A plane flying horizontally at an altitude of 1 mi and a speed of 500 mi/h passes directly over a radar station. Find the rate at which the distance from the plane to the station is increasing when it is 2 mi away from the station.
I drew a diagram and figured out I need to find dd/dt which is the distance of the plane from the radar station over time
I found y to be the altitude of the plane (1 mi)
I also found x to be the distance away from the radar station (2 mi)
dc/dt = 500 mi/h
I noticed I could use the pythagorean equation here.
d^2 = x^2 + y^2
I solved for d to be sqrt(5)
and I differentiated the equation to be 2d*(dd/dt) = 2x*(dx/dt) + 2y*(dy/dt)

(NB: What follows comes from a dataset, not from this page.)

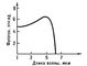 Рис. 2. Характерный вид спектра собственной фотопроводимости. Резкий спад в длинноволновой области отвечает т. н. краю поглощения — выключению собственного поглощения, когда энергия фотона становится меньше ширины запрещенной зоны; плавный спад в области малых длин волн обусловлен поглощением света у поверхности.

y is constant therefore dy/dt = 0
I evaluated it to be (dd/dt) = [2(2)(500)]/(2sqrt(5)) or 1000/sqrt(5)
which is equivalent to 447mi/hr
My problem is the answer is 250sqrt(3) which is 433mi/hr
What am I doing wrong?
apparently 2 miles is the straight-line distance, so d=2 and x=sqrt(3)
2d dd/dt = 2x dx/dt
2(2) dd/dt = 2sqrt(3)*500
dd/dt = 250sqrt(3)
I'm confused as to how you got d =2 and x=sqrt(3)
To find the rate at which the distance from the plane to the radar station is increasing when it is 2 miles away from the station, we need to differentiate the equation d^2 = x^2 + y^2 with respect to time.
Let's clarify the given values:
- The altitude of the plane (y) is 1 mile.
- The distance away from the radar station (x) is 2 miles.
- The horizontal speed of the plane (dx/dt) is 500 mph.
Differentiating the equation d^2 = x^2 + y^2 with respect to time (t), we get:
2d*(dd/dt) = 2x*(dx/dt) + 2y*(dy/dt)
Since the altitude (y) is constant, dy/dt is equal to 0.
Plugging in the given values, we have:
2*(distance from the plane to the radar station)*(dd/dt) = 2*(distance away from the radar station)*(horizontal speed of the plane)
Now, let's substitute the known values:
2*(d)*(dd/dt) = 2*(2)*(500)
Simplifying the equation:
2d*(dd/dt) = 4*(500)
2d*(dd/dt) = 2000
Now, we can solve for (dd/dt):
dd/dt = 2000 / (2d)
Substituting d with sqrt(5):
dd/dt = 2000 / (2 * sqrt(5))
dd/dt = 1000 / sqrt(5)
dd/dt = 200 sqrt(5)
Therefore, the rate at which the distance from the plane to the radar station is increasing is 200 sqrt(5) mi/hr, which is approximately 447 mi/hr.
It seems that there was a mistake in your calculation. The correct answer is indeed 200 sqrt(5) mi/hr, not 250 sqrt(3) mi/hr.